Greifswald Medical School
- Type: Faculty (medical school)
- Established: 1456
- Affiliation: University of Greifswald
- Location: Greifswald, Mecklenburg-Vorpommern, Germany 54°5′18.00″N 13°24′19.00″E﻿ / ﻿54.0883333°N 13.4052778°E
- Website: www.medizin.uni-greifswald.de

= Greifswald Medical School =

Greifswald Medical School (Medizinische Fakultät der Universität Greifswald) is a division of the University of Greifswald, Germany, consisting of the university's medical school and the adjacent Greifswald University Hospital. Its roots date back to the founding of the university in the year 1456, and it is therefore one of the oldest such institutions in Europe.

==Institution==
The medical school has existed since the founding of the university in 1456, and is therewith one of the oldest medical schools in the world still in existence.

==Admission==
The University of Greifswald's medical school is the second most requested, the most selective, and among the best-ranked in Germany.

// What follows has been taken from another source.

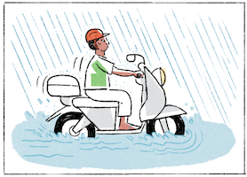 បន្ទាប់មកទៀតរូបភាពទីនៅក្នុងរូបភាពទីយើងឃើញម៉ូតូកំពុងតែជិះនៅក្នុងទឹកផងដែរ អញ្ចឹងម៉ូតូមួយគ្រឿងកំពុងតែបើកបរ ឬក៏ជិះនៅក្នុងទឹក ដោយយើងឃើញបុរសម្នាក់ គាត់ពាក់អាវពណ៌បៃតងដៃខ្លី ស្លៀកខោជើងវែងពណ៌ គាត់កំពុងតែជិះម៉ូតូពណ៌មួយនៅក្រោមភ្លៀងដោយសារតែគាត់អត់បានត្រៀមខ្លួនមុន ដូច្នេះគាត់អត់មានអាវភ្លៀងនោះទេ អញ្ចឹងគាត់អត់មានអាវភ្លៀងនោះទេ គាត់ជិះម៉ូតូ ដែលនៅក្នុងទឹក ដោយជិះកាត់ក្រោមភ្លៀង ដោយយើងឃើញគាត់ពាក់មួកសុវត្ថិភាពពណ៌ទឹកក្រូចផងដែរអញ្ចឹង ម៉ូតូរបស់គាត់ យើងឃើញនៅខាងមុខ នៅជិតដៃចង្កូតគឺមានកញ្ចក់សម្រាប់មើលក្រោយមួយអញ្ចឹងកញ្ចក់សម្រាប់មើលក្រោយ គឺជាកញ្ចក់សម្រាប់ឲ្យយើងអាចដឹងអំពីស្ថានភាពនៅខាងក្រោយម៉ូតូរបស់យើងបាន ដោយយើងអត់ចាំបាច់ងាកខាងក្រោយទេអញ្ចឹងនៅពេលដែលយើងចង់មើលផ្លូវ ឬក៏មើលអ្វីដែលនៅខាងក្រោយ យើងគ្រាន់តែក្រឡេកមើលកញ្ចក់ គឺយើងអាចមើលឃើញពុំខាន អញ្ចឹងយើងអត់ចាំបាច់ងាកក្រោយទេ ព្រោះថាប្រសិនបើយើងងាកក្រោយ ពេលខ្លះអាចធ្វើឲ្យយើងមានគ្រោះថ្នាក់បានហើយនៅខាងមុខគឺមានអំពូលភ្លើង ឬក៏ចង្កៀងភ្លើង អញ្ចឹងបុរសម្នាក់នោះគាត់ជិះម៉ូតូកាត់ភ្លៀង ដោយគាត់បើកភ្លើងផងដែរ ព្រោះដើម្បីមើលផ្លូវ ពេលខ្លះគឺពិបាកមើលផ្លូវ ប្រសិនបើយើងអត់បើកភ្លើងនោះទេ ហើយអ្នកដែលនៅខាងមុខ ក៏អត់ដឹងថាយើងកំពុងតែជិះម៉ូតូដែរ អញ្ចឹងគេអត់អាចមើលយើងឃើញ ក៏ប៉ុន្តែប្រសិនបើយើងបើកឃើញ បើយើង បើសិន បើយើងបើកភ្លើង គឺអ្នកនៅខាងមុខគេអាចមើលយើងឃើញផងដែរ ហើយនៅខាងក្រោយគឺយើងឃើញម៉ូតូរបស់គាត់ គឺមានឃ្លុបមួយ អញ្ចឹងឃ្លុបនោះ គឺជាឃ្លុបសម្រាប់ដាក់អីវ៉ាន់ អញ្ចឹងពេលខ្លះគាត់អាចដាក់សៀវភៅ ឬក៏កាតាបរបស់គាត់ ឬក៏អីវ៉ាន់របស់គាត់ផ្សេងដាក់នៅ[ឃ្លុប] នៅក្រោម នៅក្នុងឃ្លុបខាងក្រោយនោះបាន ដោយមិនចាំបាច់ចងខ្សែ ឬក៏មិនចាំបាច់កាន់នោះទេ ដោយឃ្លុបនោះគឺជាប់ទៅនឹងម៉ូតូ ដូច្នេះប្រសិនបើយើងដាក់អីវ៉ាន់ចូលទៅក្នុងឃ្លុប គឺវាអត់ជ្រុះនោះទេអញ្ចឹងម៉ូតូកំពុងតែបើកកាត់ទឹក ហើយម៉ូតូគាត់ត្រូវជិះយឺតព្រោះថាគាត់អត់អាចមើលផ្លូវឃើញ ដោយសារតែផ្លូវលិចទឹក អញ្ចឹងប្រសិនបើគាត់ជិះលឿន ប្រសិនបើផ្លូវមានក្រឡុក អញ្ចឹងអាចធ្វើឲ្យគាត់ដួលបាន ប្រសិនបើគាត់ជិះធ្លាក់ក្រឡុក អាចធ្វើឲ្យគាត់មានគ្រោះថ្នាក់ ដោយគាត់ដួលម៉ូតូជាដើម អញ្ចឹងគាត់ត្រូវជិះយឺតនិងប្រុងប្រយ័ត្នជាទីបំផុត នៅពេលដែលមានមេឃភ្លៀង

In 2007, Greifswald was ranked 2nd of 34 medical schools in Germany in terms of popularity with prospective students, out-ranking other popular universities such as the University of Heidelberg. Degrees are offered in medicine as well as dentistry. In Germany, places to study medicine and dentistry are usually allocated (by high school results) on a national level by a country-wide agency. However, a certain fraction of the places available may be administered by the universities if they wish so. In the year 2023, there were 18,733 applications for 196 places for medicine in Greifswald, which equals an admission rate of only 1.05 percent. In the same year, there were 5979 applicants for 45 places in dentistry, which equals an admission rate of 0.75 percent.

==Programmes==
- Medicine
- Dentistry
- Biomedical Science (B. Sc.)
- Clinical Nursing Science (B. Sc.)

==Greifswald University Hospital==
The university hospital (German: Universitätsmedizin Greifswald), was completely reconstructed at the new science campus east of the city centre up to the year 2011. It is therefore one of the best equipped and most up-to-date full service hospital in Germany. The university hospital recently purchased a nearby communal hospital in the city of Wolgast to increase the number of beds and treated patients. This was the first time in Germany, that a (public) university hospital bought another public hospital. The merger was first prohibited because German antitrust authorities were worried about a dominating position of the Universitätsklinikum Greifswald in the region. However, the decision was later revoked by a direct veto of the federal government of Germany, which is a very rare procedure.